Arlissa singles chronology
| "Not In Love" (2016) | "Hearts Ain't Gonna Lie" (2018) | "We Won't Move" (2018) |

Jonas Blue singles chronology
| "We Could Go Back" (2017) | "Hearts Ain't Gonna Lie" (2018) | "Alien" (2018) |

= Hearts Ain't Gonna Lie =

"Hearts Ain't Gonna Lie" is a song by British singer-songwriter Arlissa and British DJ and record producer Jonas Blue.
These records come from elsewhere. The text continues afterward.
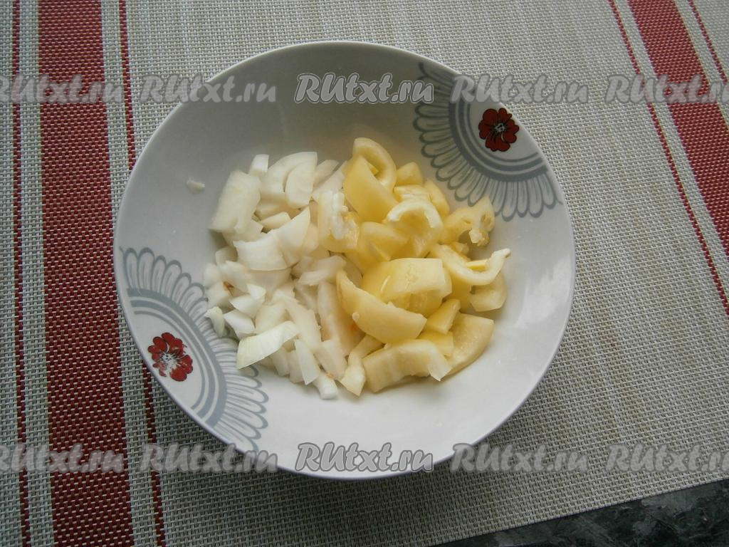 Лук и сладкий перец нарезать произвольно, но не мелко и не тонко.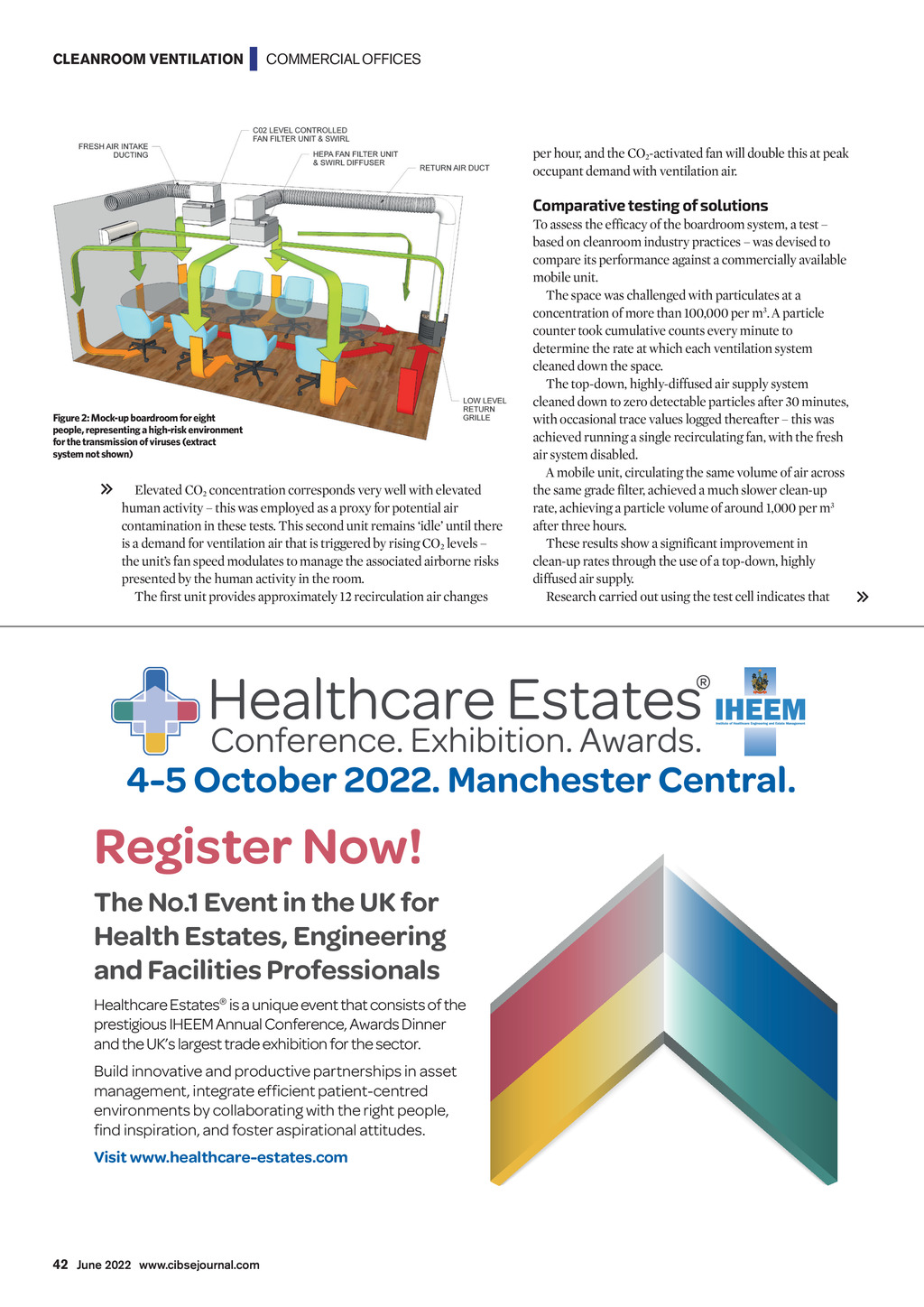 CLEANROOM VENTILATION | COMMERCIAL OFFICES per hour, and the CO2-activated fan will double this at peak occupant demand with ventilation air. Comparative testing of solutions Figure 2: Mock-up boardroom for eight people, representing a high-risk environment for the transmission of viruses (extract system not shown) Elevated CO2 concentration corresponds very well with elevated human activity this was employed as a proxy for potential air contamination in these tests. This second unit remains idle until there is a demand for ventilation air that is triggered by rising CO2 levels the units fan speed modulates to manage the associated airborne risks presented by the human activity in the room. The first unit provides approximately 12 recirculation air changes To assess the efficacy of the boardroom system, a test based on cleanroom industry practices was devised to compare its performance against a commercially available mobile unit. The space was challenged with particulates at a concentration of more than 100,000 per m3. A particle counter took cumulative counts every minute to determine the rate at which each ventilation system cleaned down the space. The top-down, highly-diffused air supply system cleaned down to zero detectable particles after 30 minutes, with occasional trace values logged thereafter this was achieved running a single recirculating fan, with the fresh air system disabled. A mobile unit, circulating the same volume of air across the same grade filter, achieved a much slower clean-up rate, achieving a particle volume of around 1,000 per m3 after three hours. These results show a significant improvement in clean-up rates through the use of a top-down, highly diffused air supply. Research carried out using the test cell indicates that 4-5 October 2022. Manchester Central. Register Now! The No.1 Event in the UK for Health Estates, Engineering and Facilities Professionals Healthcare Estates is a unique event that consists of the prestigious IHEEM Annual Conference, Awards Dinner and the UKs largest trade exhibition for the sector. Build innovative and productive partnerships in asset management, integrate efficient patient-centred environments by collaborating with the right people, find inspiration, and foster aspirational attitudes. Visit www.healthcare-estates.com 42 June 2022 www.cibsejournal.com CIBSE June 22 pp40-42, 44 Cleanroom ventilation.indd 42 27/05/2022 16:34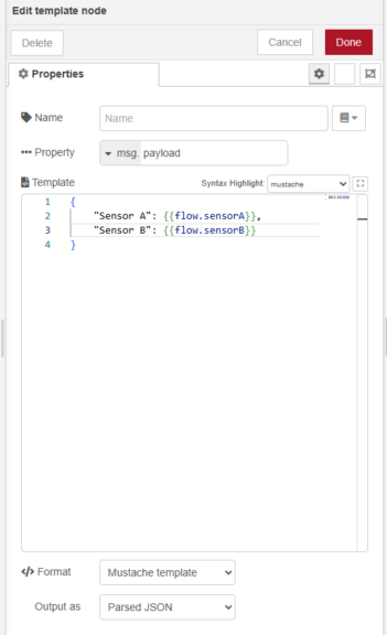 [{"id":"b17e05313f3ecb58","type":"change","z":"41ad2b666875c180","name":"","rules":[{"t":"set","p":"sensorA","pt":"flow","to":"payload","tot":"msg"}],"action":"","property":"","from":"","to":"","reg":false,"x":1580,"y":720,"wires":[[]]},{"id":"02a256a04c16dfaf","type":"inject","z":"41ad2b666875c180","name":"","props":[{"p":"payload"}],"repeat":"","crontab":"","once":true,"onceDelay":0.1,"topic":"","payload":"14","payloadType":"num","x":1410,"y":720,"wires":[["b17e05313f3ecb58"]]},{"id":"96719824dd37d600","type":"change","z":"41ad2b666875c180","name":"","rules":[{"t":"set","p":"sensorB","pt":"flow","to":"payload","tot":"msg"}],"action":"","property":"","from":"","to":"","reg":false,"x":1580,"y":760,"wires":[[]]},{"id":"16552d3e71c356be","type":"inject","z":"41ad2b666875c180","name":"","props":[{"p":"payload"}],"repeat":"","crontab":"","once":true,"onceDelay":0.1,"topic":"","payload":"2","payloadType":"num","x":1410,"y":760,"wires":[["96719824dd37d600"]]},{"id":"6feb7e52bd055d31","type":"template","z":"41ad2b666875c180","name":"","field":"payload","fieldType":"msg","format":"handlebars","syntax":"mustache","template":"{\n \"Sensor A\": {{flow.sensorA}},\n \"Sensor B\": {{flow.sensorB}}\n}","output":"json","x":1560,"y":820,"wires":[["f35135602422f184","67bfe78ed045f646","5ed2f073c0e84640"]]},{"id":"acc8094a45df4cf8","type":"inject","z":"41ad2b666875c180","name":"","props":[],"repeat":"","crontab":"","once":true,"onceDelay":0.1,"topic":"","x":1410,"y":820,"wires":[["6feb7e52bd055d31"]]},{"id":"f35135602422f184","type":"debug","z":"41ad2b666875c180","name":"debug 4","active":true,"tosidebar":true,"console":false,"tostatus":false,"complete":"false","statusVal":"","statusType":"auto","x":1720,"y":820,"wires":[]},{"id":"67bfe78ed045f646","type":"change","z":"41ad2b666875c180","name":"","rules":[{"t":"set","p":"payload","pt":"msg","to":"payload[\"Sensor A\"]","tot":"msg"}],"action":"","property":"","from":"","to":"","reg":false,"x":1740,"y":860,"wires":[["25dad2e4c3548d0d"]]},{"id":"5ed2f073c0e84640","type":"change","z":"41ad2b666875c180","name":"","rules":[{"t":"set","p":"payload","pt":"msg","to":"payload[\"Sensor B\"]","tot":"msg"}],"action":"","property":"","from":"","to":"","reg":false,"x":1740,"y":900,"wires":[["479b43c3bac73f40"]]},{"id":"25dad2e4c3548d0d","type":"ui_chart","z":"41ad2b666875c180","name":"","group":"879bd7fc7e4afe72","order":0,"width":0,"height":0,"label":"Sensor A","chartType":"line","legend":"false","xformat":"HH:mm:ss","interpolate":"linear","nodata":"","dot":false,"ymin":"","ymax":"","removeOlder":1,"removeOlderPoints":"","removeOlderUnit":"3600","cutout":0,"useOneColor":false,"useUTC":false,"colors":["#1f77b4","#aec7e8","#ff7f0e","#2ca02c","#98df8a","#d62728","#ff9896","#9467bd","#c5b0d5"],"outputs":1,"useDifferentColor":false,"className":"","x":1920,"y":860,"wires":[[]]},{"id":"479b43c3bac73f40","type":"ui_chart","z":"41ad2b666875c180","name":"","group":"879bd7fc7e4afe72","order":0,"width":0,"height":0,"label":"Sensor B","chartType":"line","legend":"false","xformat":"HH:mm:ss","interpolate":"linear","nodata":"","dot":false,"ymin":"","ymax":"","removeOlder":1,"removeOlderPoints":"","removeOlderUnit":"3600","cutout":0,"useOneColor":false,"useUTC":false,"colors":["#1f77b4","#aec7e8","#ff7f0e","#2ca02c","#98df8a","#d62728","#ff9896","#9467bd","#c5b0d5"],"outputs":1,"useDifferentColor":false,"className":"","x":1920,"y":900,"wires":[[]]},{"id":"879bd7fc7e4afe72","type":"ui_group","name":"Default","tab":"b1e7631a49932fee","order":1,"disp":true,"width":6,"collapse":false,"className":""},{"id":"b1e7631a49932fee","type":"ui_tab","name":"Home","icon":"dashboard","disabled":false,"hidden":false}]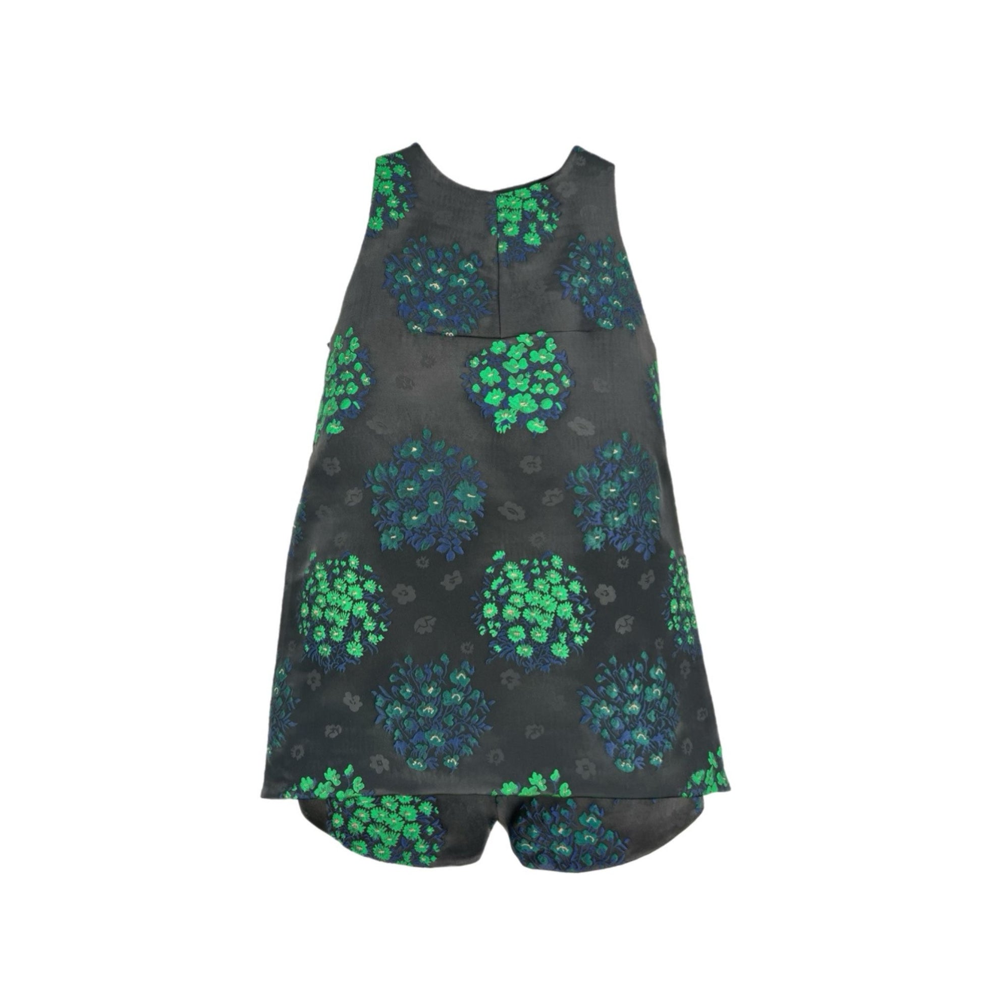 The Ashleigh Tunic set in light weight emerald bouquet satin jacquard is our best selling dress up or down outfit. The perfect tunic paired with our Ashleigh shorts, this set is something everybody needs in their closets.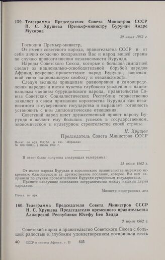 Телеграмма Председателя Совета Министров СССР Н.С. Хрущева Председателю временного правительства Алжирской Республики Юсефу Бен Хедда. 3 июля 1962 г. // Печат. по арх. Опубл. в газ. «Правда», № 185 (16041), 4 июля 1962 г.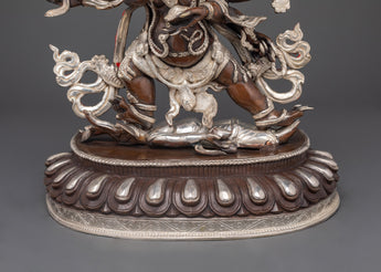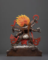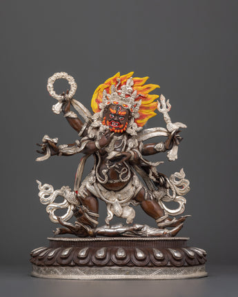 This magnificent statue of the Six-Armed Mahakala Buddha displays the extraordinary artistry of traditional Patan, Nepalese metalworkers. This statue, which is made of oxidized copper and has silver plating on it, combines old-world charm and durability. The statue's oxidized finish gives it an elegant, antique appearance, and the silver plating intensifies its celestial brilliance.

It was released as a digital download on 5 January 2018 via Virgin EMI Records.

==Music video==
A music video to accompany the release of "Hearts Ain't Gonna Lie" was first released onto YouTube on 18 January 2018 at a total length of three minutes and twenty-two seconds.

==Charts==

===Weekly charts===

| Chart (2018) | Peak position |
|---|---|
| Belgium (Ultratip Bubbling Under Flanders) | 42 |
| Belgium (Ultratip Bubbling Under Wallonia) | 24 |
| Sweden Heatseeker (Sverigetopplistan) | 16 |
| US Dance Club Songs (Billboard) | 8 |
| US Hot Dance/Electronic Songs (Billboard) | 26 |
| US Pop Airplay (Billboard) | 40 |

===Year-end charts===

| Chart (2018) | Position |
|---|---|
| US Hot Dance/Electronic Songs (Billboard) | 93 |

==Certifications==

| Region | Certification | Certified units/sales |
| United Kingdom (BPI) | Gold | 400,000^{‡} |
^{‡} Sales+streaming figures based on certification alone.